As mentioned in our response to the reviewer comment #1-1 above, we did not see any detectable increase in the CaLexA signals from sleep-regulatory mushroom body or dopaminergic neurons upon threonine diet (Figure 4—figure supplement 4D and E). Although the sensitivity of CaLexA may intrinsically limit the detectable size and duration of Ca2+ changes in our experiment, these results support the relative specificity of Ca2+ response in LN to the threonine diet. Lack of a specific Gal4 driver that targets these LN only, however, did not allow us to validate that these effects were necessary for SPET. Nonetheless, it led us to find that a conditional blockade of synaptic transmission in GAD1-expressing neurons, including LN, actually induced sleep in control-fed flies, and masked SPET in threonine-fed flies. Given our revised model for the implication of GABA transmission in SPET, we toned down our conclusion from the CaLexA experiment and discussed a possible explanation for the CaLexA phenotypes in the revised manuscript.

2) The authors claim that a slightly reduced GABA response to Thr in R2 EB neurons implies that threonine-induced behavioral quiescence is physiologically relevant to sleep. However, it is unclear whether the effect is sufficient to contribute significantly to SPET. Does R2 EB specific knockdown of GABAB-R1 affect SPET?

In our revised manuscript, we tested several RNAi transgenes to individually deplete metabotropic GABA receptors in R2 EB neurons and examined their effects on SPET. Depletion of GABAB-R2 or GABAB-R3 in R2 EB neurons indeed enhanced sleep drive non-additively with SPET (Figure 5C). This contrasted with our observations that genetic elevation of GABA levels or pharmacological enhancement of the metabotropic GABA transmission suppressed SPET, but it did not comparably affect sleep drive in control-fed flies (Figure 3A and Figure 4D). Considering our additional finding that dietary threonine reduces GABA levels, we revised our model for SPET and proposed that 1) sleep drive by low metabotropic GABA transmission in R2 EB neurons may mediate SPET, and 2) genetic/pharmacological elevation of the GABA transmission may interfere with this process, thereby masking SPET. We revised our manuscript accordingly.

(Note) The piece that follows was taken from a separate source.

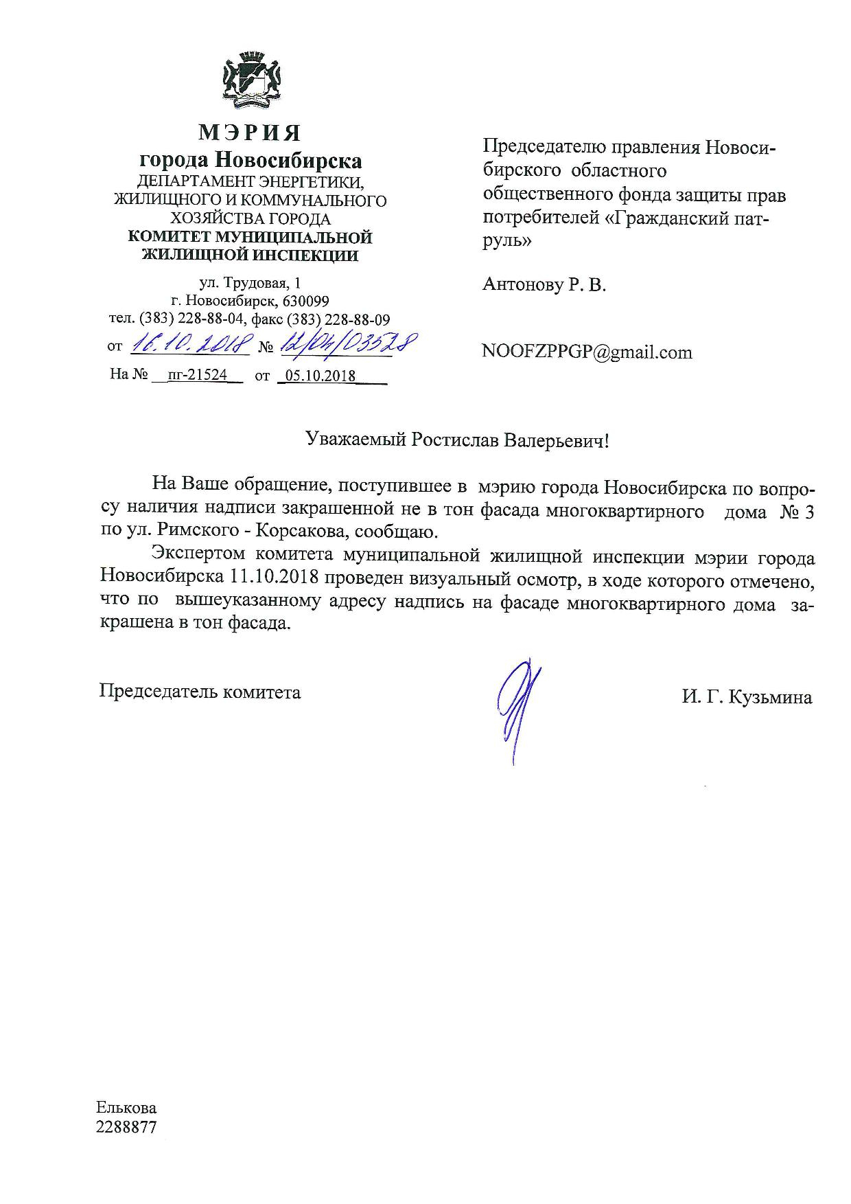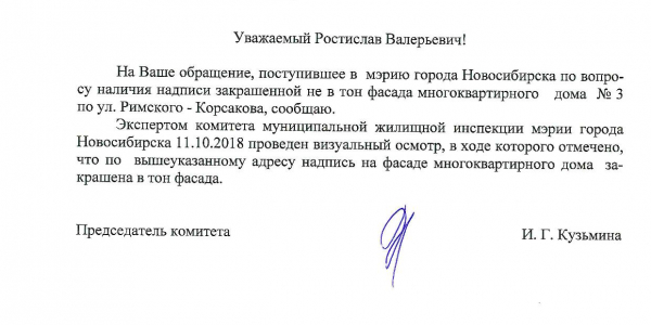 Номер жалобы:42218 Тип жалобы:Иные проблемы ЖКХ Название объекта:Управляющая Компания Регион:Новосибирская область Город:Новосибирск Адрес:ул. Римского-Корсакова, 3 Описание жалобы:Надписи на фасаде дома закрашены не в тон Статус:

3) The involvement of GABA-T in SPET is supported by a single allelic combination (hypomorph over deficiency) and that of GABAB-R1 is based on a single RNAi construct. The involvement of CG5955 is based on one allelic combination and one RNAi. To show that a gene is involved in a process, it is important to provide converging evidence from multiple sources: e.g., multiple mutant alleles or allelic combinations, multiple RNAi constructs to minimize the potential off-target effects, and rescue with transgene expression.

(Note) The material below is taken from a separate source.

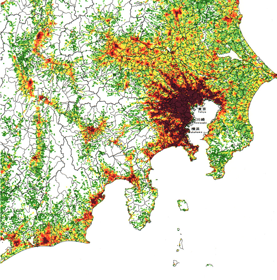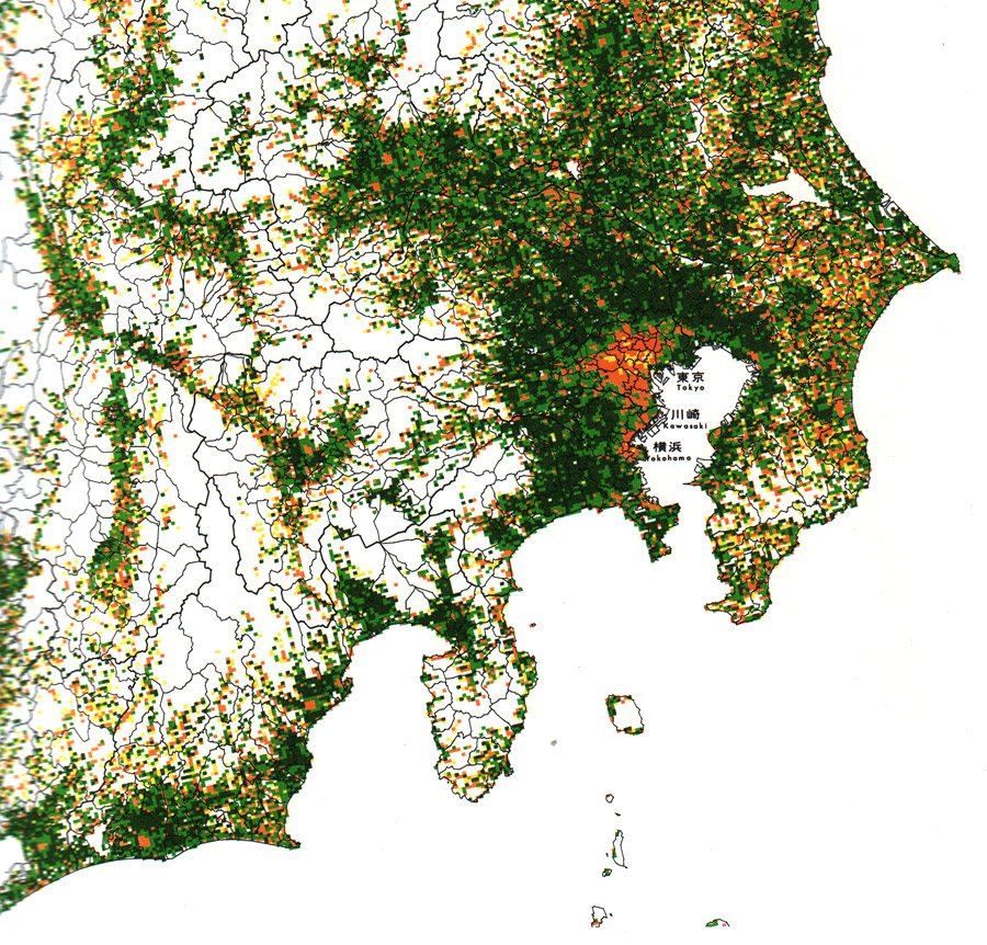 Эти необычные статистические карты разбиты на тысячи крошечных квадратиков (с длиной стороны — 1 км). Ниже на карте Токио показана плотность населения; обратите внимание на то, как ниточками расходятся темные, густонаселенные районы из центра города — люди селятся вдоль железных дорог и возле станций.

As the reviewer suggested, we provided converging evidence from multiple sources in the revised manuscript. These included 1) multiple allelic combinations (GABA-T, CG5955), 2) transgenic rescue (GABA-T), 3) multiple RNAi transgenes (metabotropic GABA receptors, CG5955), and 4) adult-specific, pharmacological manipulations of target gene function (GABA-T, GABA transporter, GABA receptors) to exclude any development effects on SPET.

4) Potential developmental defects could be a confounding factor for the effects of GABA-T, GABAB-R1, and CG5955 on SPET. Adult specific knockdown or developmental rescue could alleviate the concern.

We have been testing adult-specific knockdown or developmental rescue using tubGal80ts. Unfortunately, heterozygous controls of the key UAS transgenes (e.g., UAS-GABA-T, UAS-GABA receptor RNAi) displayed Gal4-independent effects on the genetic rescue or SPET at high temperature. Although it was likely due to their leaky expression, this limited our experimental conditions to genetically validate the developmental defects. Nonetheless, we provided a series of compelling evidence that supports adult-specific effects of GABA manipulations on SPET. First, adult-specific administration of GABA-T inhibitor or GABA transporter inhibitor potently suppressed SPET (Figure 3B). Second, an adult-specific blockade of synaptic transmission in GAD1-expressing cells induced sleep drive non-additively with SPET (Figure 4B). Third, adult-specific administration of the agonist of metabotropic GABA receptors, but not of ionotropic GABA receptors, suppressed SPET (Figure 4D). Regarding CG5955, we could not fully exclude the possibility of metabolic compensation or developmental effects using transgenic reagents available to us. So, we toned down our conclusion and stated these possibilities in our revised manuscript.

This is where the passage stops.